It may come as a surprise that I had a lot of trouble writing the post. Each word I typed brought up memories of that moment of injustice. Each sentence reminded me of my own silence that night in Ohio. And each paragraph reinforced my anger—anger directed at the racial arrogance of others, and anger directed at myself. I even had a physical reaction as I wrote: My shoulders tensed up, my jaw clenched, and my right leg started bouncing up and down. I was fired up.

As an undergraduate, I was known for speaking my mind in class. Sometimes this won me new friends, while other times it elicited a few dirty looks. In graduate school, one of my professors has even nicknamed me “the polemicist”—a title that apparently means “a person that puts forth controversial views” (I had to look it up). I’m not sure if this is intended as an insult or not, but even if it is, he’s right: If I feel strongly about a topic, you’ll know. I don’t—and I won’t—hold back.

My girlfriend refers to my angry rants as “passion”—passion for my work, passion for my studies, and passion for social justice. I just get caught up in he heat of the moment, letting myself go. It’s actually quite similar to the scene in Old School when Will Farrell’s character debates James Carville. Something just clicks in Ferrell, and he launches into a tremendously coherent, eloquent, and forceful position. He wins the debate by a landslide, turns to his teammates and asks, “What happened? I blacked out.” Now, I don’t exactly blackout during my diatribes, but you get the idea.

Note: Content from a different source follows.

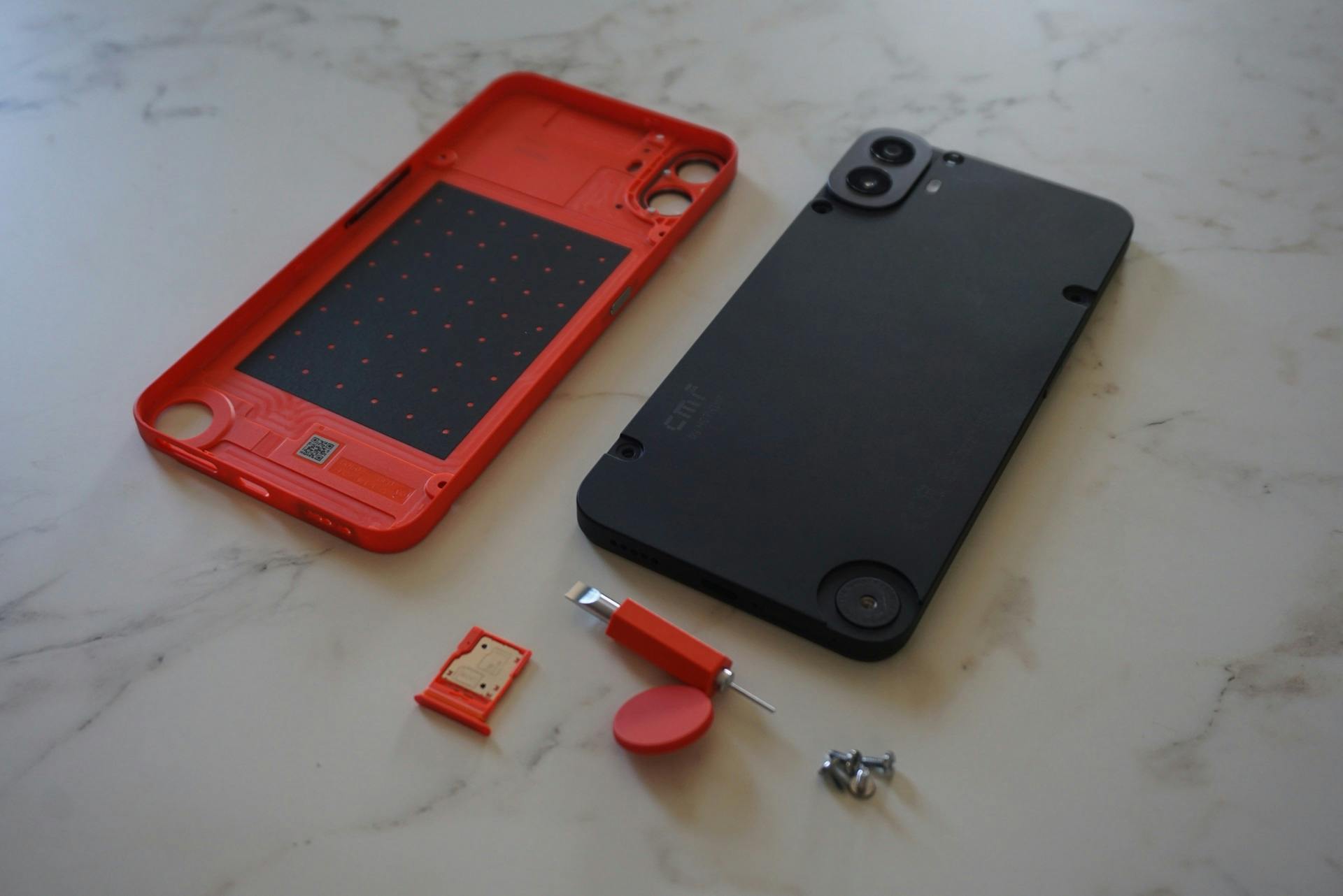 Dat zijn er nogal wat, want de CMF Phone 1 heeft een bijzondere achterkant. Met behulp van de meegeleverde schroevendraaier haal je eenvoudig wat schroefjes los en plop, je tilt zo het achterkantje van de smartphone. Vind je zwart saai? Dan plaats je in een handomdraai een lichtgroene, donkerblauwe of – onze favoriet – knaloranje achterkant terug.

In part, I model my irreverence after some of my favorite progressive activists. Anti-racist activist Tim Wise, for example, is a fiery speaker. David Simon, creator of The Wire, is probably one of the most charismatic—and hilariously insolent—people I have ever heard speak. Both are tremendous educators on privilege and systemic inequality, both relay their messages with incredible ferocity, and both happen to be white. The connection between their race and the forceful tone in their tirades is not coincidental; they are allowed to be outspoken, angry, and polemic because of white privilege.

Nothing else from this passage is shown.